--- TRY IT ---
What are the lines from the top of the entries below through the line containing "2023年,西部地区GDP超"? Return them exactly, both ends included, without the pictures.

--- DATA FOR PROCESSING ---
=-=-=

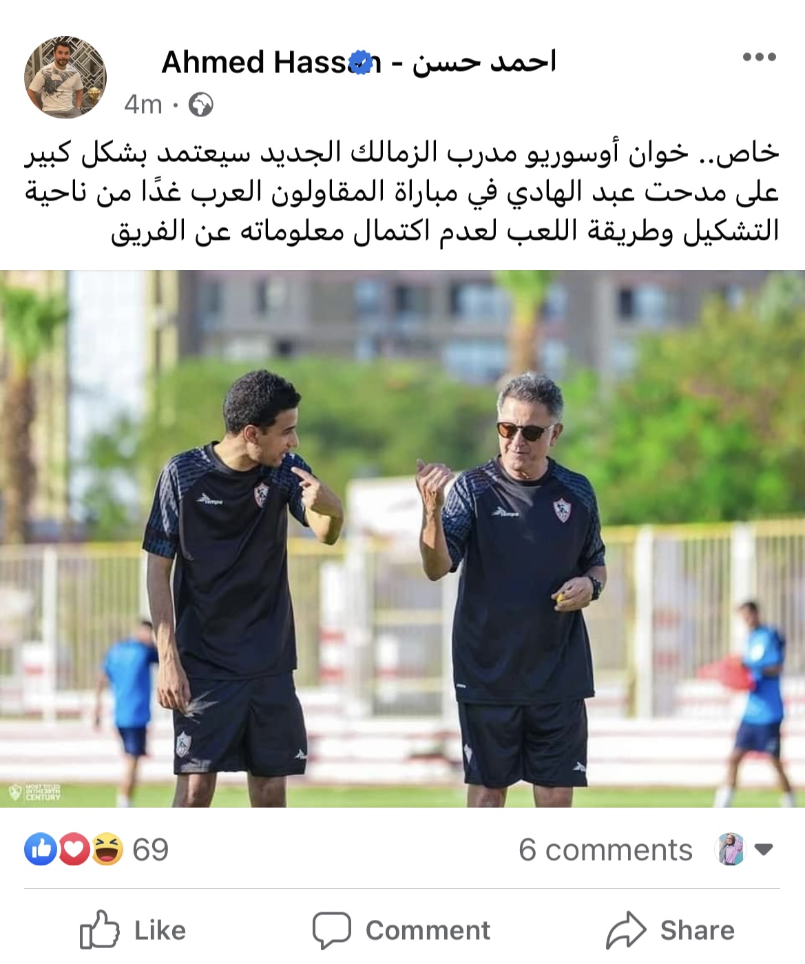 وكتب عبر فيسبوك: “خوان أوسوريو مدرب الزمالك الجديد سيعتمد بشكل كبير على مدحت عبد الهادي في مباراة المقاولون العرب غدًا من ناحية التشكيل وطريقة اللعب لعدم اكتمال معلوماته عن الفريق”.
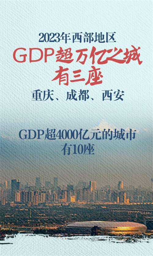 2023年,西部地区GDP超万亿之城有三座:重庆、成都、西安;GDP超4000亿元的城市有10座,既有昆明、南宁、贵阳、乌鲁木齐等省会或自治区首府,也有榆林、鄂尔多斯、绵阳、包头、遵义、曲靖等能源、工业基地。
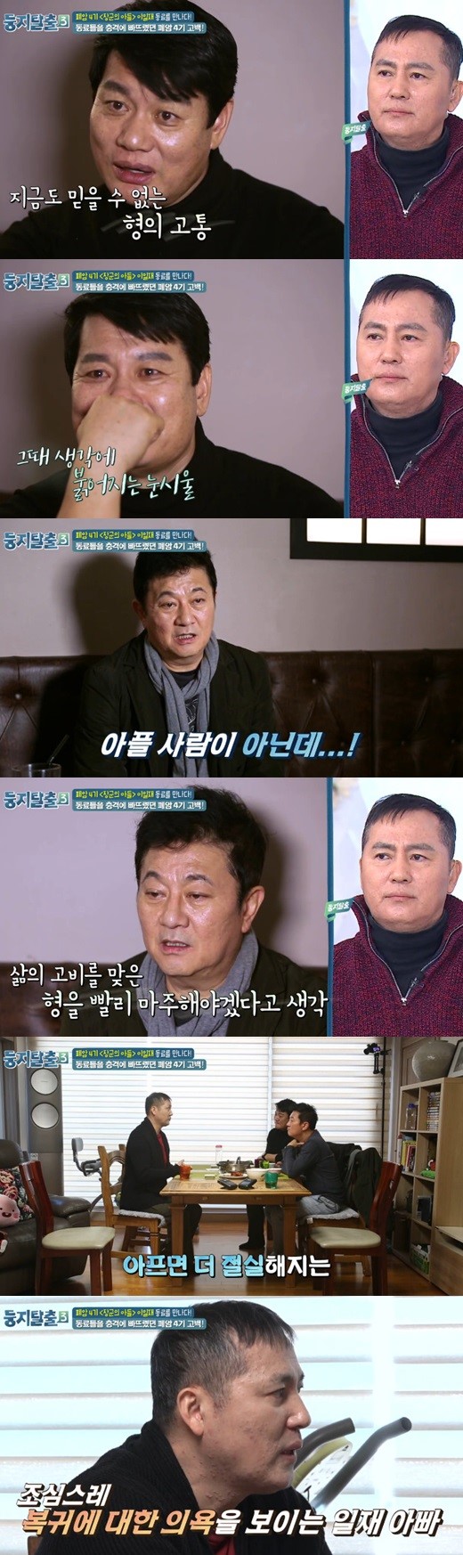 정흥채는 "그게 형 성격이다. 맥주집을 오픈했을 때 1년 정도를 못갔다. 그랬더니 '나 암 걸린 거 몰랐니'라고 하더라. 알고 전화한 줄 알았나보더라. 4기라고 해서 깜짝 놀랐다. 형이 술, 담배도 안하는데 도대체 어떻게 된지 놀랐는데 '운명인가보더라'라고 해서 속이 아렸어"라며 뭉클함을 드러냈다.
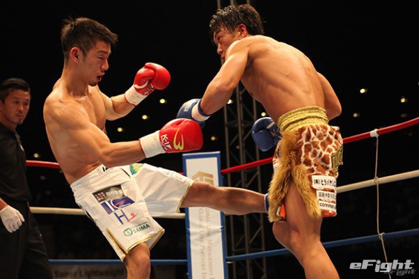 空手仕込みのローキックで相手の脚を破壊しにかかる伊澤(左)
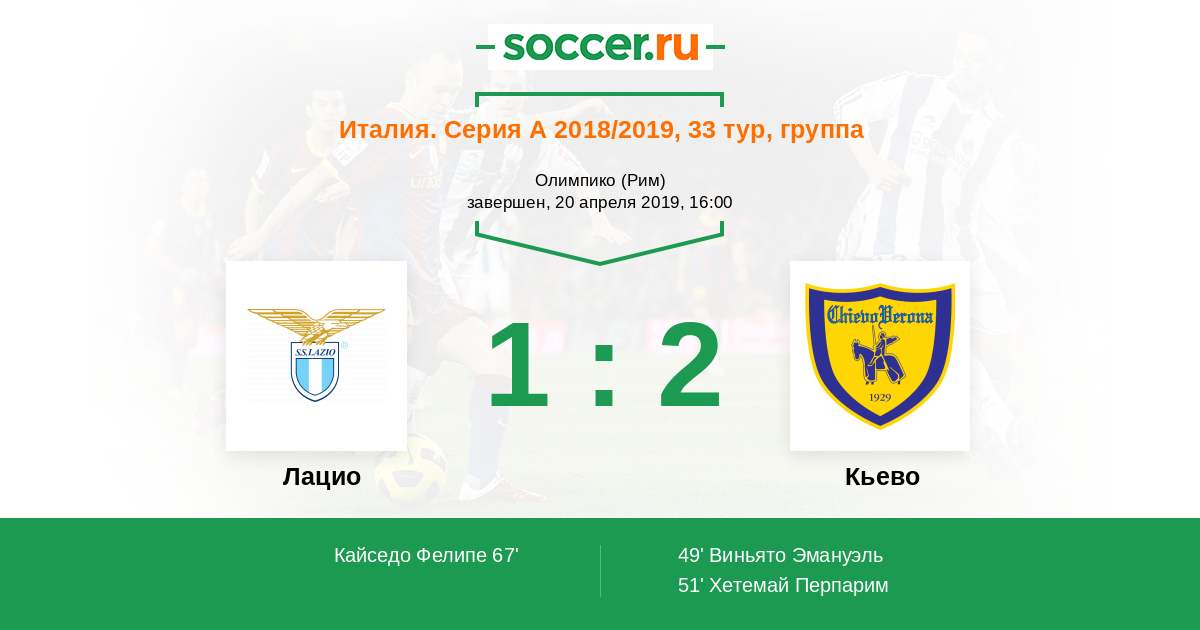 Луис Альберто (Лацио) отдал пас, но мяч оказался там, где никогошеньки нет. Мяч покинул пределы поля. Кьево введет мяч в игру ударом от ворот.
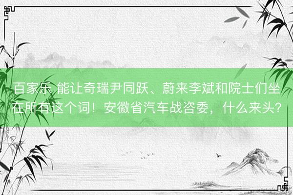 百家乐 能让奇瑞尹同跃、蔚来李斌和院士们坐在所有这个词!安徽省汽车战咨委,什么来头?
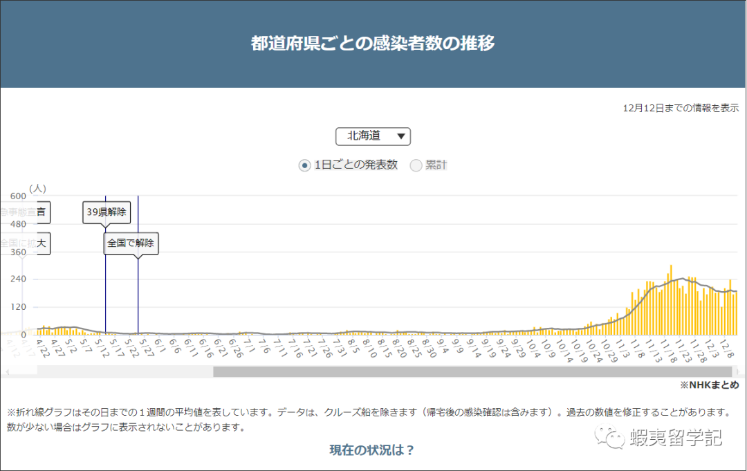 北海道新冠疫情感染者数情况图片来源:HNK新冠疫情特设网站https://www3.nhk.or.jp/news/special/coronavirus/data-widget/#mokuji1
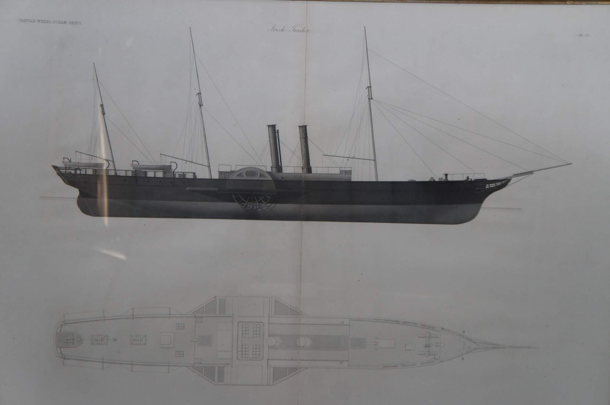 1864 John Scott Russell Paddle Wheel Blueprint Steam Ship Engraving Irish Trader
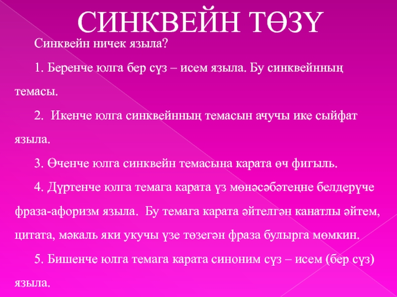 Слайд 19СИНКВЕЙН ТӨЗҮ
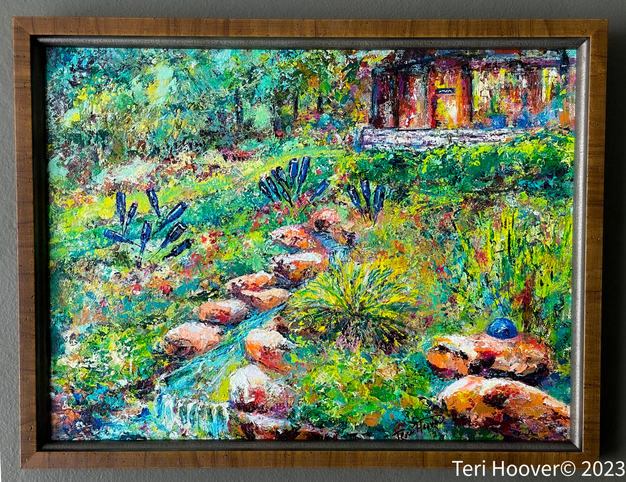The annual New River Valley Garden Tour in the first weekend in July is an event not to be missed. This framed 12” x 16” acrylic painting was inspired by the garden of Paula Golden.
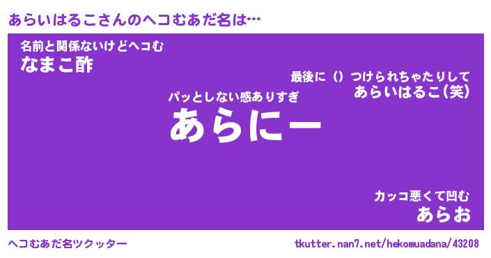 | ヒーロー風カッコイイあだ名 | 『スーパーアライハルコ』『幻影騎士アラ』 |
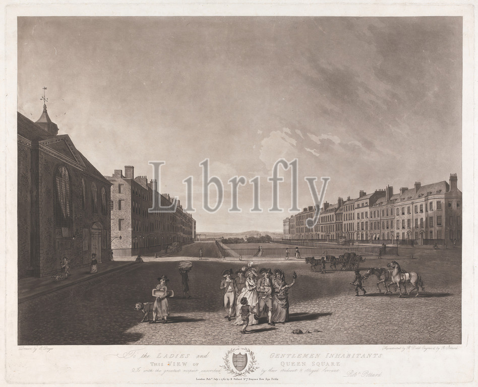 View, Queen Square, Robert Pollard, 1755–1838, British, Robert Dodd, 1748–1816, British, Edward Dayes, 1763–1804, British, 1789, Etching, aquatint, moderately thick, moderately textured, cream, laid paper, Sheet, Plate, Image, apron, architectural subject, barrels, beggar, boy, breeches, trousers, buildings, carriage, carrying, cart, children, cityscape, clock tower, couple, dogs, animals, fashion, fences, flower basket, flowers, plants, genre subject, gown, hats, hills, horses, animals, lampposts, men, merchant, nobility, peasants, queen, person, square, statue, streets, tailcoats, tricornes, vendor, wagon, walking, weathervane, women, Bloomsbury, Camden, England, Greater London, Queen Square, United Kingdom
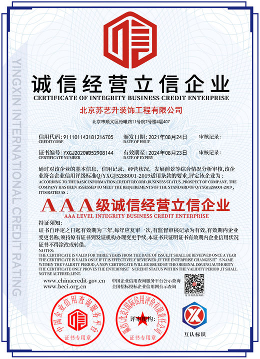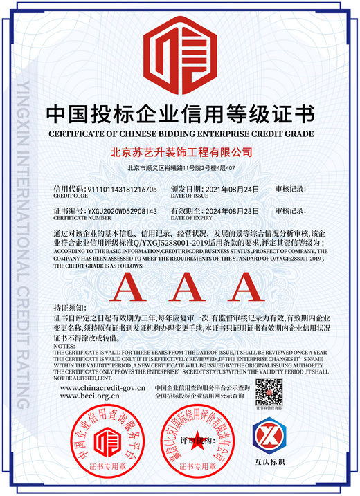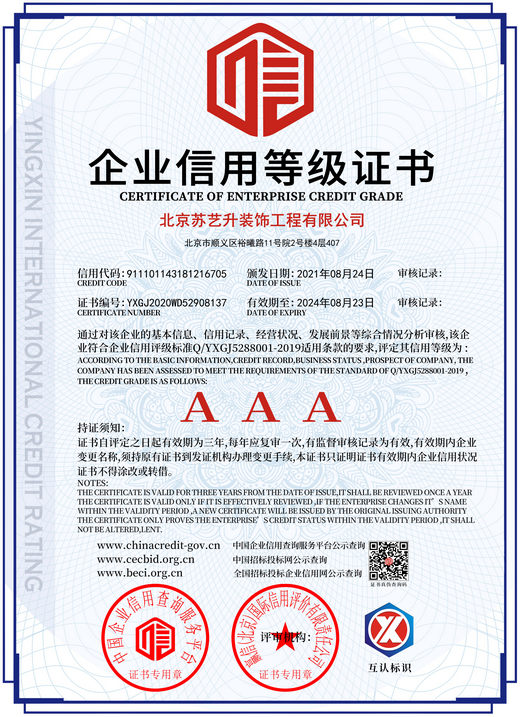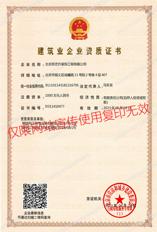 北京蘇藝升裝飾工程有限公司(以下簡稱”蘇藝升裝飾”)成立于2014年,公司前身根植于國內知名雙甲資質企業,通過裝飾行業20余年的磨礪,我們有著豐富的管理和施工經驗,以及一流裝飾公司的技術服務體系,通過不斷的努力和發展現已成為一家頗具實力的獨立法人企業,并成功獲取中華人民共和國住房和城鄉建設部頒發的:建筑裝修裝飾工程專業承包貳級、建筑工程施工總承包叁級、鋼結構工程專業承包叁級、建筑幕墻工程專業承包貳級以及防水防腐保溫工程專業承包貳級資質。 蘇藝升裝飾公司經過多年的磨礪及不...了解更多>

=-=-=

--- EXERCISE ANSWER ---
 وكتب عبر فيسبوك: “خوان أوسوريو مدرب الزمالك الجديد سيعتمد بشكل كبير على مدحت عبد الهادي في مباراة المقاولون العرب غدًا من ناحية التشكيل وطريقة اللعب لعدم اكتمال معلوماته عن الفريق”.
 2023年,西部地区GDP超万亿之城有三座:重庆、成都、西安;GDP超4000亿元的城市有10座,既有昆明、南宁、贵阳、乌鲁木齐等省会或自治区首府,也有榆林、鄂尔多斯、绵阳、包头、遵义、曲靖等能源、工业基地。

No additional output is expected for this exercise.